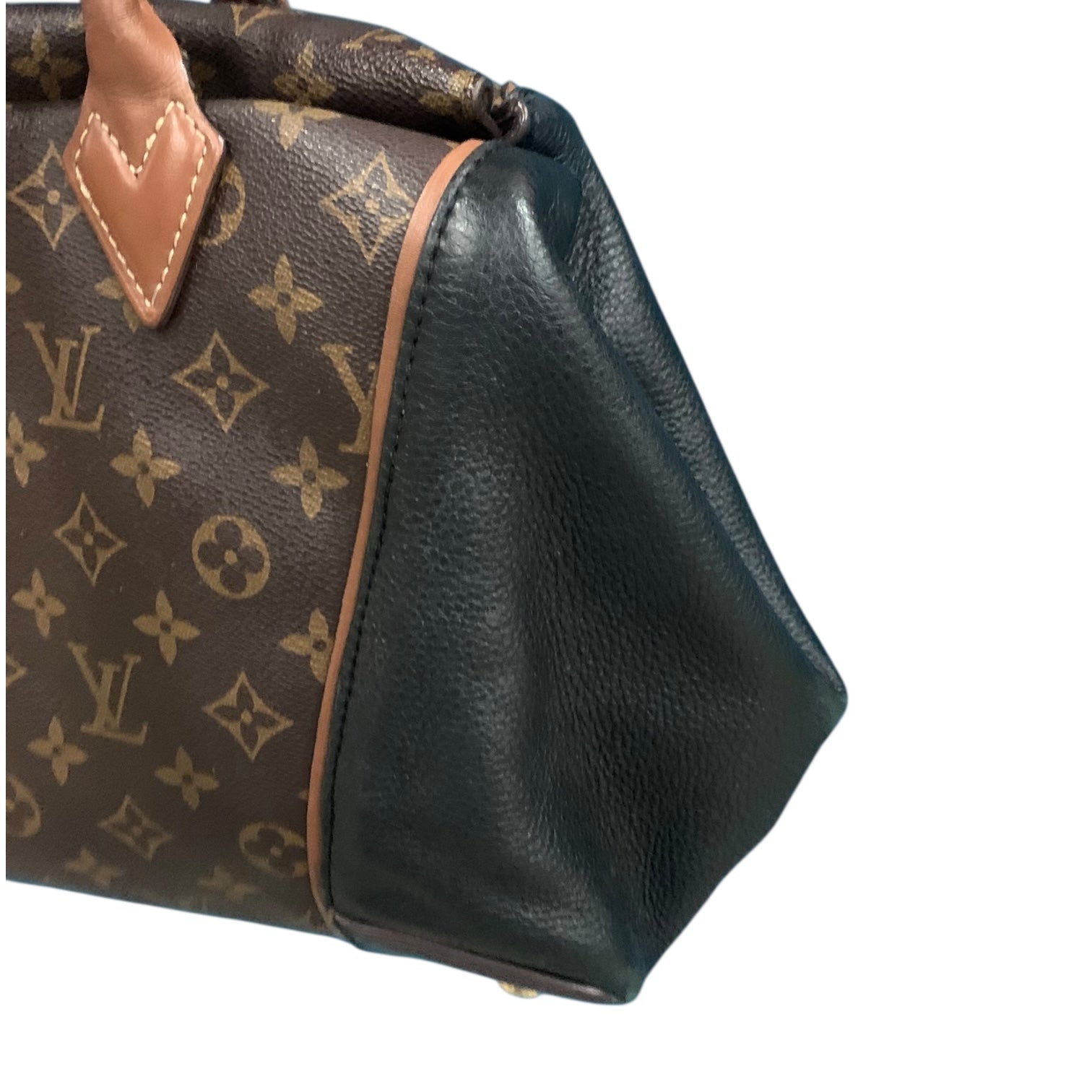 Borsa a mano vintage Louis Vuitton in pelle nero e monogram marrone, interno scamosciato. Dimensioni: 39x25x15 cm
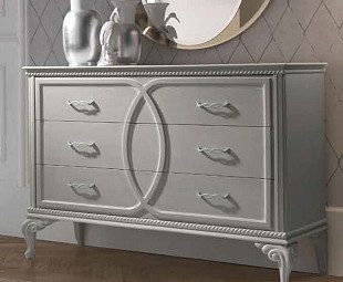 Очаровательный комод Queen Elizabethy представляет классический стиль античными изгибами ножек и великолепной резьбой, украшающей фасады вкупе с причудливыми рельефами. Модель изготовлена из натурального дерева и располагает тремя вместительными ящиками, дополненными изящной витой фурнитурой.
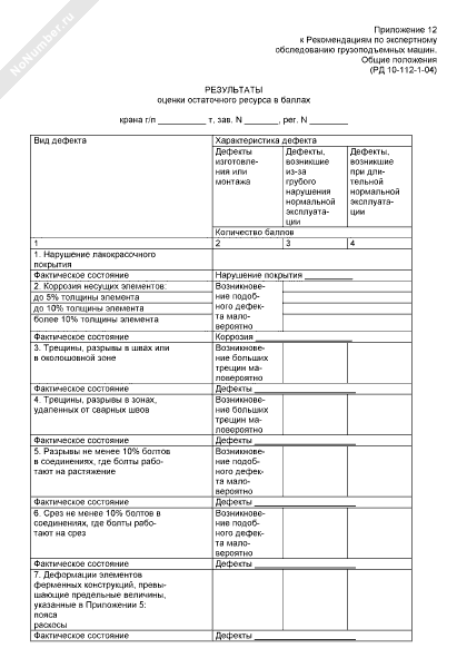 Результаты оценки остаточного ресурса грузоподъемной машины в баллах
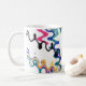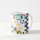 Colourful digital art squiggles and waves on a white mug. Very modern and artistic...
********
ASSIGNMENT: No pictures belong in the copy. Return exactly the lines from the line containing "Результаты оценки остаточного" through the last line of the listing.

RESPONSE BELOW:
 Результаты оценки остаточного ресурса грузоподъемной машины в баллах
 Colourful digital art squiggles and waves on a white mug. Very modern and artistic...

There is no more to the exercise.